**What the task asks**
Restate all the lines below word for word, but omit the pictures.

**Records contained in a dataset**
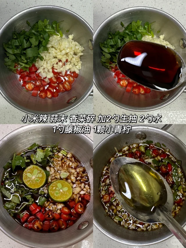 1️⃣ 小米辣蒜末香菜碎加2勺生抽2勺水 1勺藤椒油1颗小青柠挤出汁水搅拌均匀
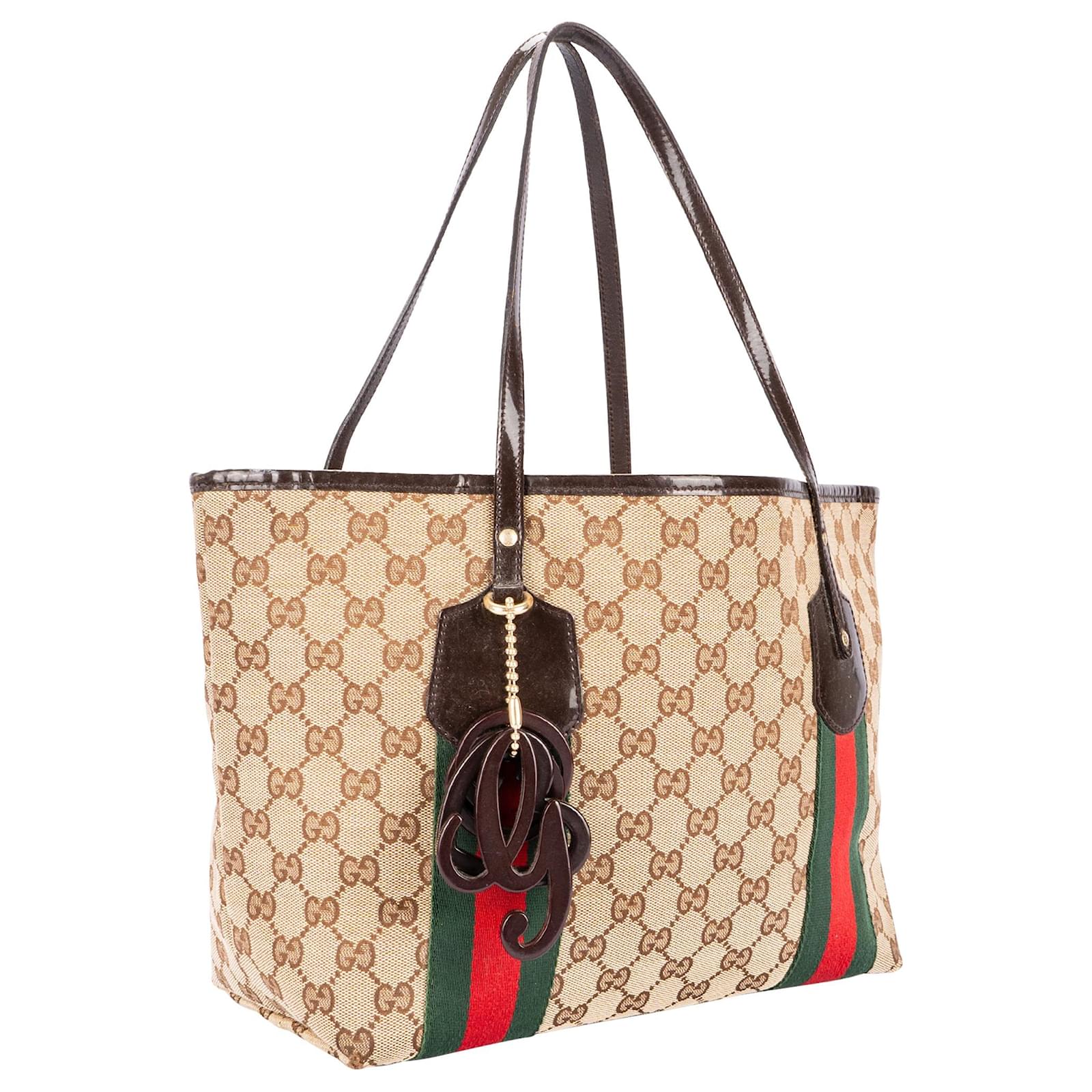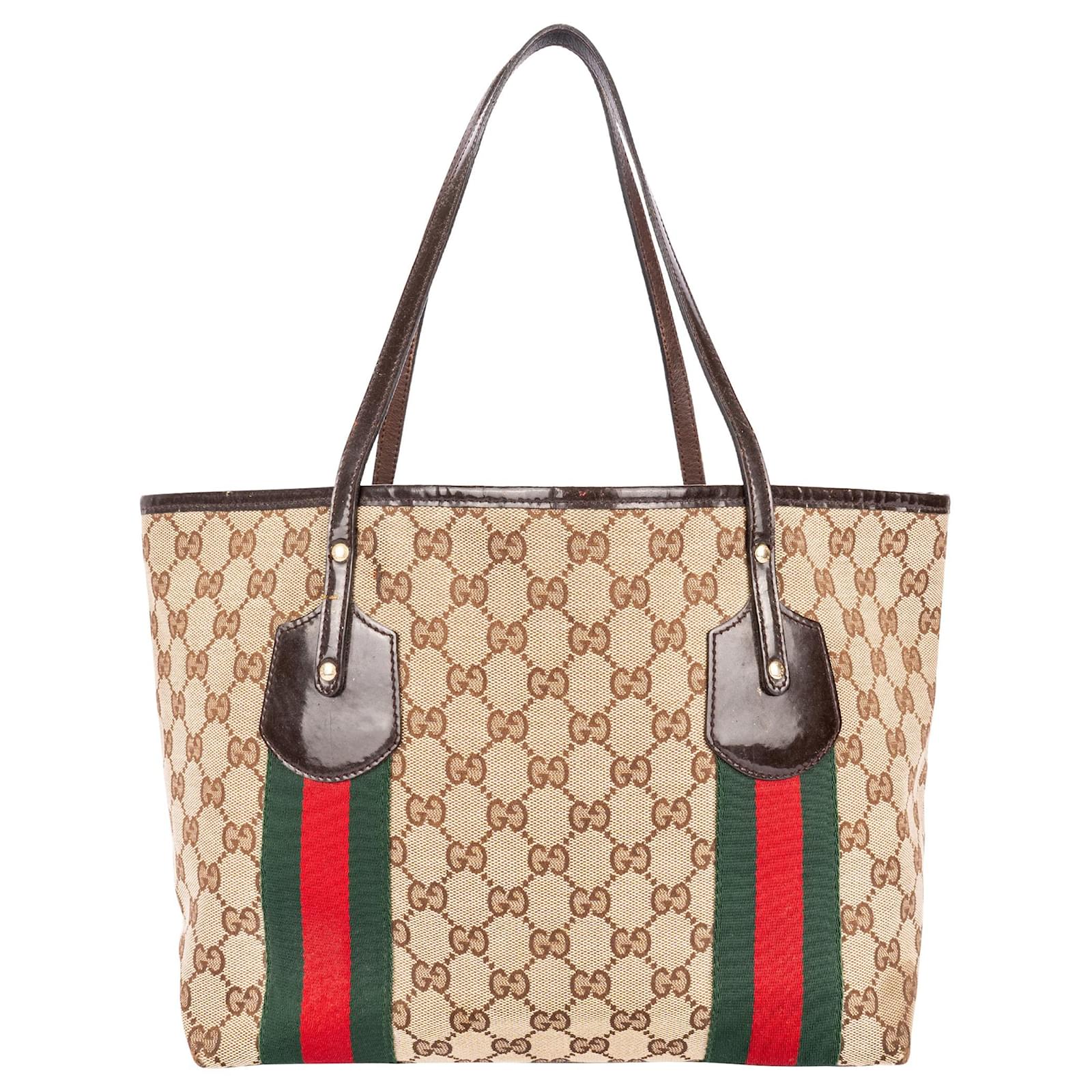 This Super Stylish Tote Bag is Crafted of Signature Brown on beige Gucci GG Monogram canvas with a classic Web red and green stripe.
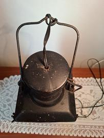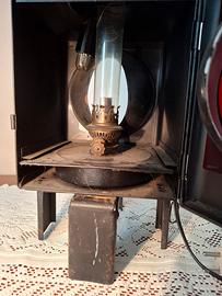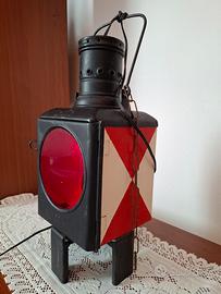 Vendo una lanterna d'epoca utilizzata in ambito Ferroviario Origine Tedesca La lanterna presenta tutte le parti originali d'epoca, più è stata elettrificata per uso domestico Il paralume originale della lanterna è un po danneggiato in punta come visibile nelle foto, dovuto al tempo Realizzato in metallo resistente con un camino superiore per lo sfogo dei fumi della combustione Misura 46 cm di altezza per 18 cm di larghezza Pesa circa 3.2 kg
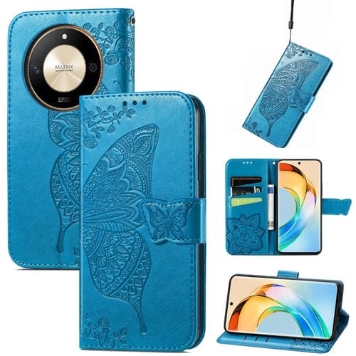 Funda para Honor X50 de Cuero con Relieve de Flor de Amor y Mariposa (Azul)
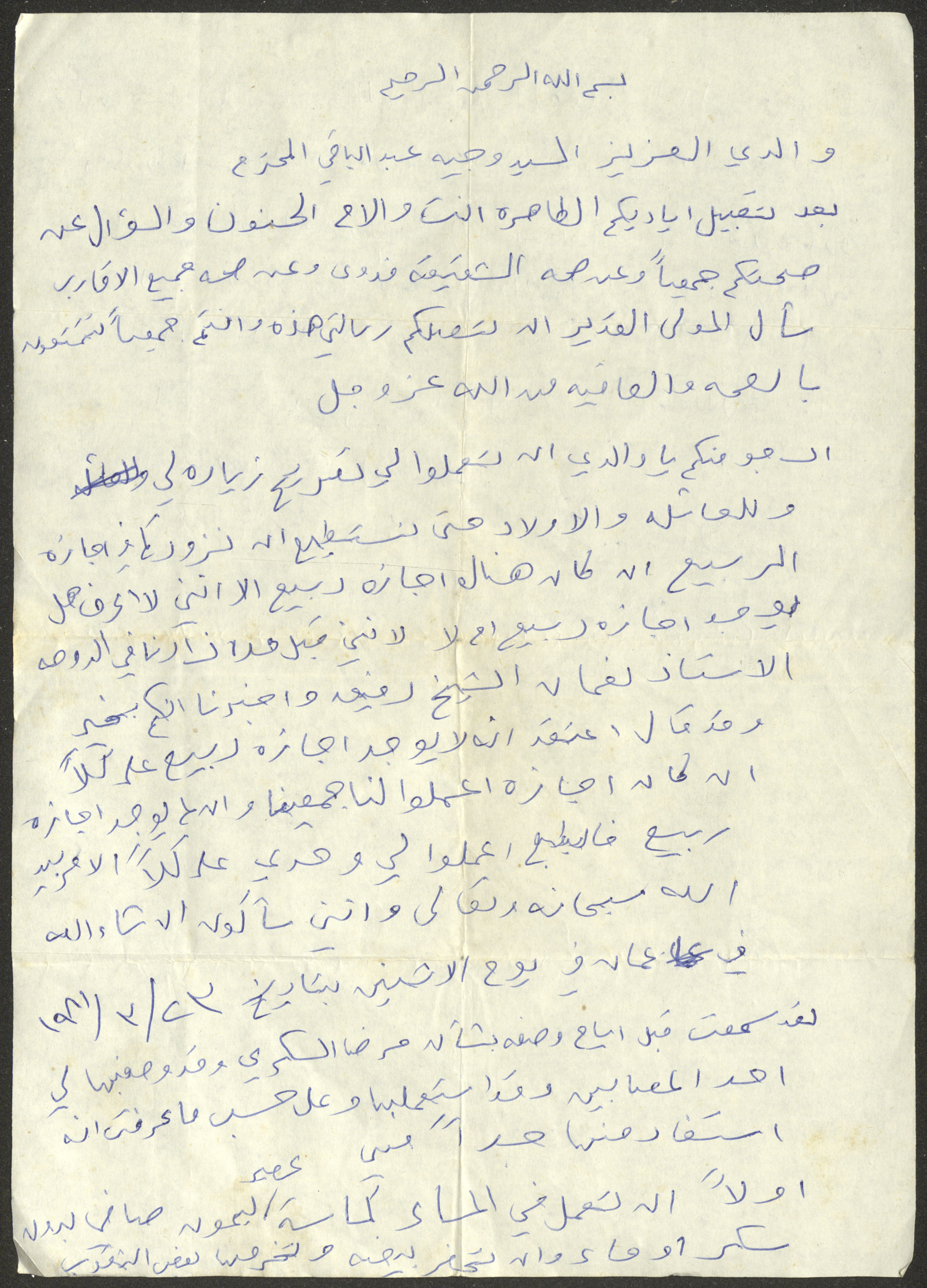 A Letter Addressed to Wajih Abdel-Baqi from His Son Mohammad Saeed
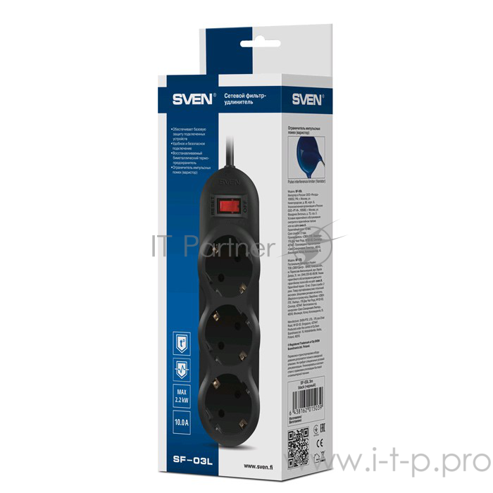 Сетевые фильтры SVEN Фильтр SF-03L 3.0 м (3 евророзетки), черный SV-015039
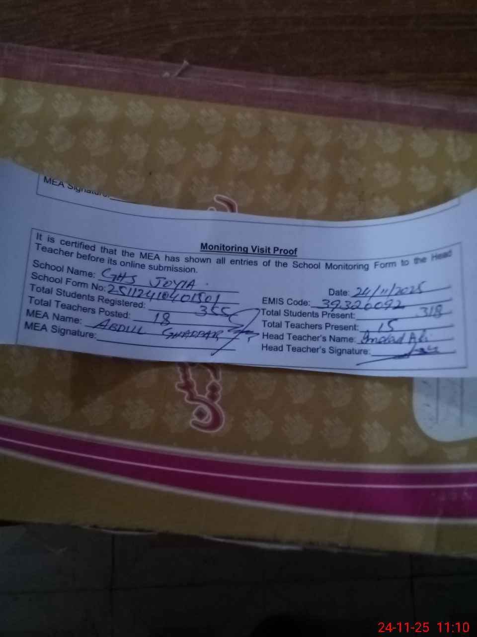 | EMIS Code: 39320092 | Name of School: GHS JOYIA | |||
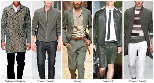 Deste modo, tons de verde oliva têm sempre um lugar nas colecções sazonais.  A aparência descontraída está mais em consonância com ajustes relaxados da temporada e materiais técnicos.
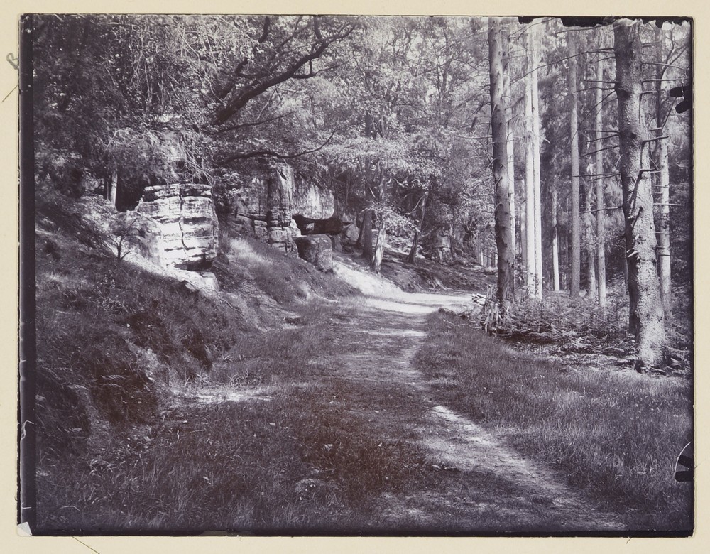 | description | English: The Tunbridge Wells Sands of the Upper Division of the Hastings Sand forms a plateau from 4 to 500 ft above sea level. Excursion to Eridge, May 22nd 1909. The uppermost 30 ft being consolidated into a massive sand rock which stands out as'cliffs' and isolated stacks. This thick bedded sandstone forms at Eridge a long section with a vertical face and many straight cut master joints.BGS Image P805333. |
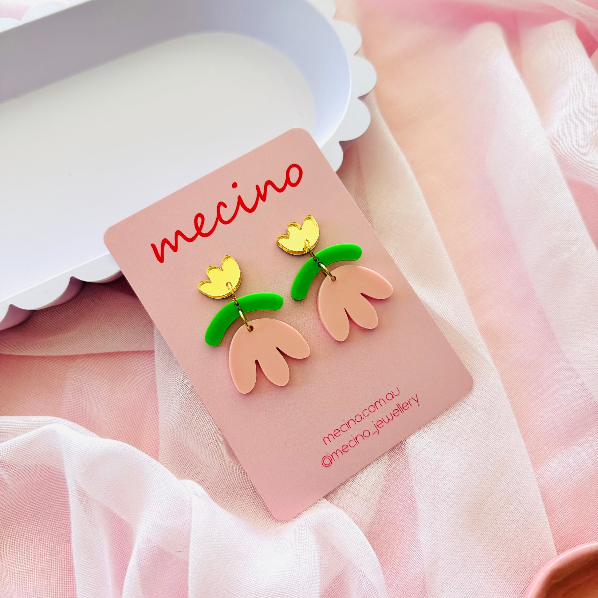 With fun green arches and soft peachy pink petals, they’ve got a playful vibe that works great for everyday wear. Super lightweight and comfy too – you’ll forget you’re even wearing them!
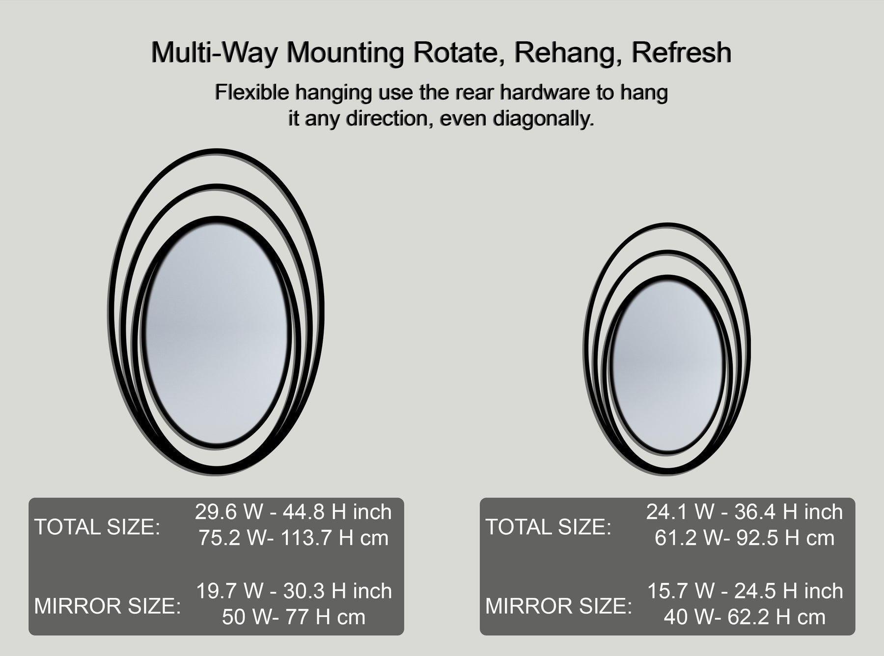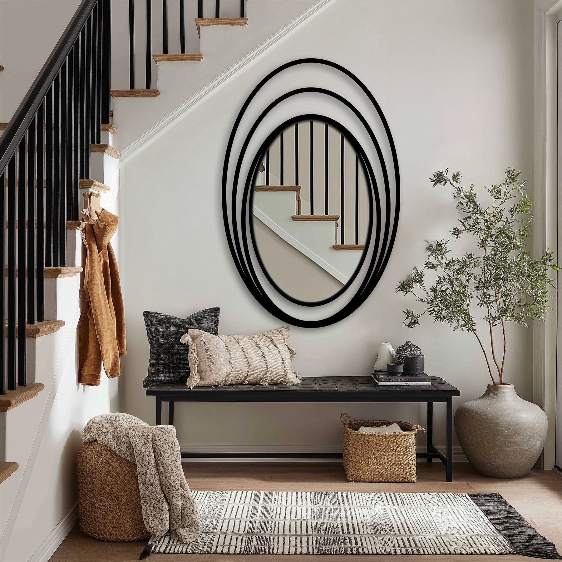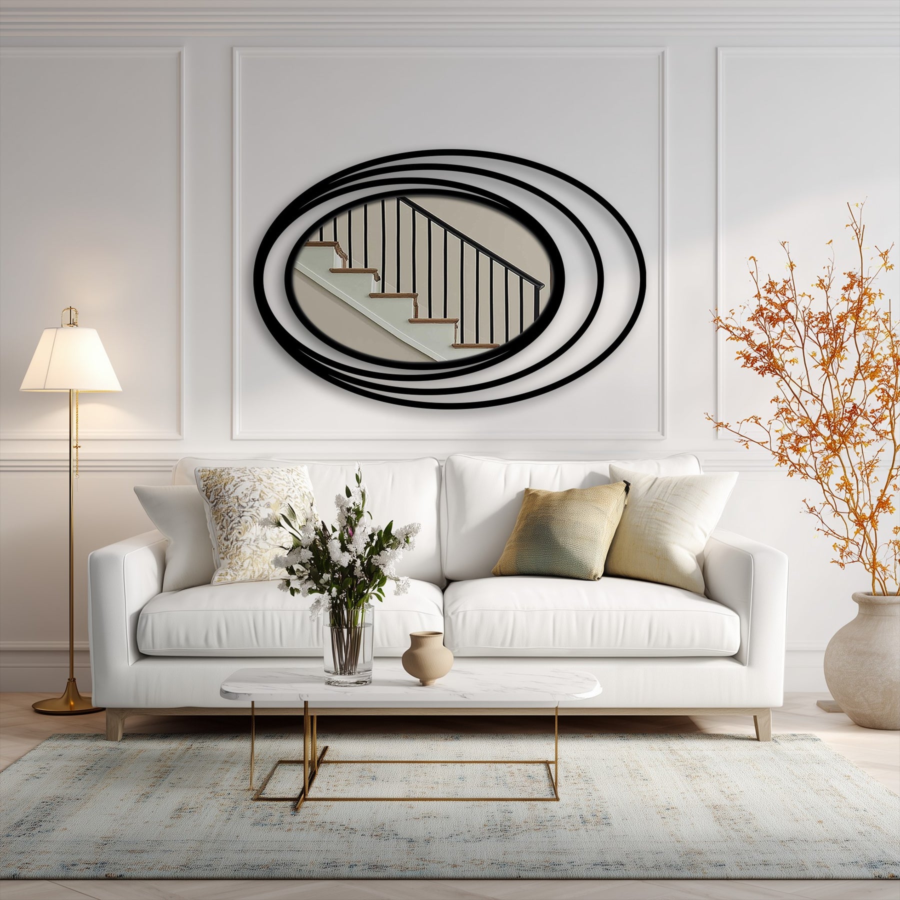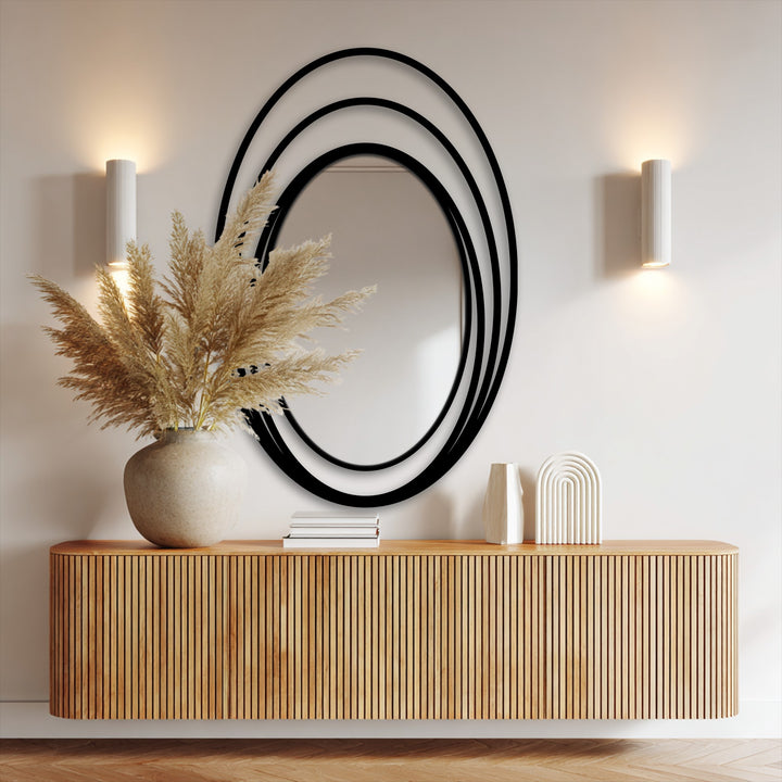 Encircled by three thin, floating oval bands forming a radiant “halo” effect, this mirror brings depth, motion, and elegance into any room—without overwhelming the space.

**Response to this task**
 1️⃣ 小米辣蒜末香菜碎加2勺生抽2勺水 1勺藤椒油1颗小青柠挤出汁水搅拌均匀
 This Super Stylish Tote Bag is Crafted of Signature Brown on beige Gucci GG Monogram canvas with a classic Web red and green stripe.
 Vendo una lanterna d'epoca utilizzata in ambito Ferroviario Origine Tedesca La lanterna presenta tutte le parti originali d'epoca, più è stata elettrificata per uso domestico Il paralume originale della lanterna è un po danneggiato in punta come visibile nelle foto, dovuto al tempo Realizzato in metallo resistente con un camino superiore per lo sfogo dei fumi della combustione Misura 46 cm di altezza per 18 cm di larghezza Pesa circa 3.2 kg
 Funda para Honor X50 de Cuero con Relieve de Flor de Amor y Mariposa (Azul)
 A Letter Addressed to Wajih Abdel-Baqi from His Son Mohammad Saeed
 Сетевые фильтры SVEN Фильтр SF-03L 3.0 м (3 евророзетки), черный SV-015039
 | EMIS Code: 39320092 | Name of School: GHS JOYIA | |||
 Deste modo, tons de verde oliva têm sempre um lugar nas colecções sazonais.  A aparência descontraída está mais em consonância com ajustes relaxados da temporada e materiais técnicos.
 | description | English: The Tunbridge Wells Sands of the Upper Division of the Hastings Sand forms a plateau from 4 to 500 ft above sea level. Excursion to Eridge, May 22nd 1909. The uppermost 30 ft being consolidated into a massive sand rock which stands out as'cliffs' and isolated stacks. This thick bedded sandstone forms at Eridge a long section with a vertical face and many straight cut master joints.BGS Image P805333. |
 With fun green arches and soft peachy pink petals, they’ve got a playful vibe that works great for everyday wear. Super lightweight and comfy too – you’ll forget you’re even wearing them!
 Encircled by three thin, floating oval bands forming a radiant “halo” effect, this mirror brings depth, motion, and elegance into any room—without overwhelming the space.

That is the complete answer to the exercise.